O senador Alessandro Vieira (MDB) anunciou a coleta de assinaturas após o recesso para abrir uma CPI que investigue denúncias envolvendo um contrato entre o Banco Master e o escritório da família Moraes, esposa do ministro Alexandre de Moraes. O acordo estaria avaliado em 129 milhões de reais e teria padrões questionáveis de atuação jurídica.

Vieira afirmou que a negociação envolve suspeitas de atuação direta do magistrado em favor da instituição financeira, acusação atribuída a reportagens veiculadas pela imprensa. O senador citou a denúncia da colunista Malu Gaspar, publicada pelo jornal O Globo, como base para a queixa.

Segundo Vieira, a CPI visa apurar impactos do acordo e eventuais irregularidades no relacionamento entre o banco, o escritório da família Moraes e órgãos reguladores. O pedido é fundamentado em relatos de fontes ouvidas pela imprensa. O STF não retornou à solicitação de comentários.

Contexto e desdobramentos

Conforme as informações, o contrato do escritório com o Banco Master previa representação jurídica em órgãos como o Banco Central, a Receita Federal, o CADE e o Congresso.

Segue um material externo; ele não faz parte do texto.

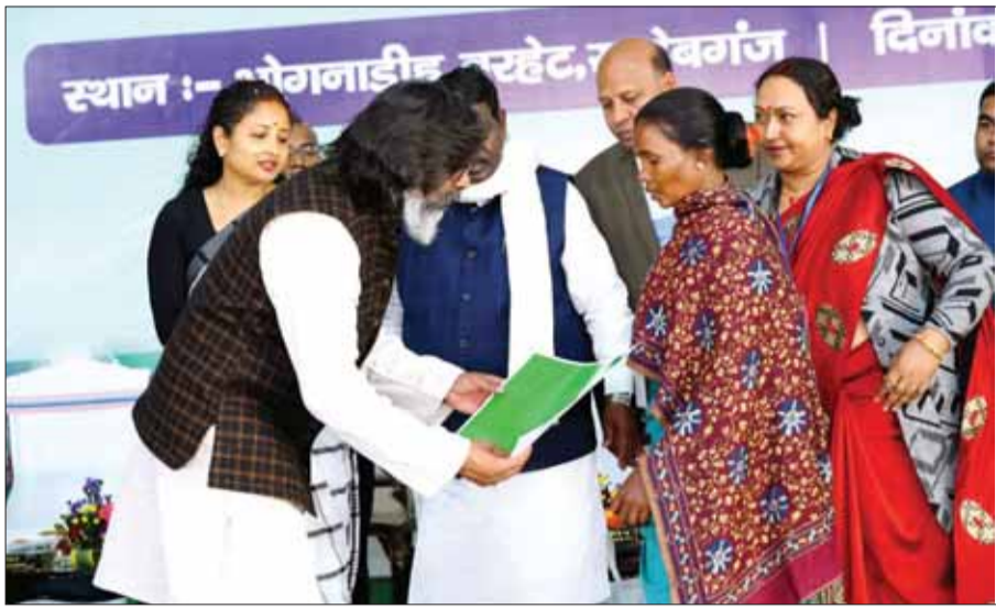
Chief Minister Hemant Soren distributes assets among beneficiaries during laying the foundation stone of various development projects in Barhet on Saturday.

address that despite Jharkhand state being rich in mineral wealth, the tribal-indigenous people here remained deprived of basic facilities. Since the formation of our government, we have been continuously working

A Gazeta do Povo confirmou a existência de relatos sobre a pressão atribuída ao ministro.

A reportagem também aponta que Moraes teria buscado contatos com o presidente do Banco Central, Gabriel Galípolo, para facilitar a venda do Master ao BRB. Houve duas conversas telefônicas e um encontro presencial entre as partes, segundo as fontes citadas.

O negócio já havia sido anunciado pelas instituições quando houve a avaliação de autorização pelo BC para a operação de compra pelo BRB. A busca por documentos e respostas oficiais foi encaminhada ao STF e ao BC, sem retorno até o momento.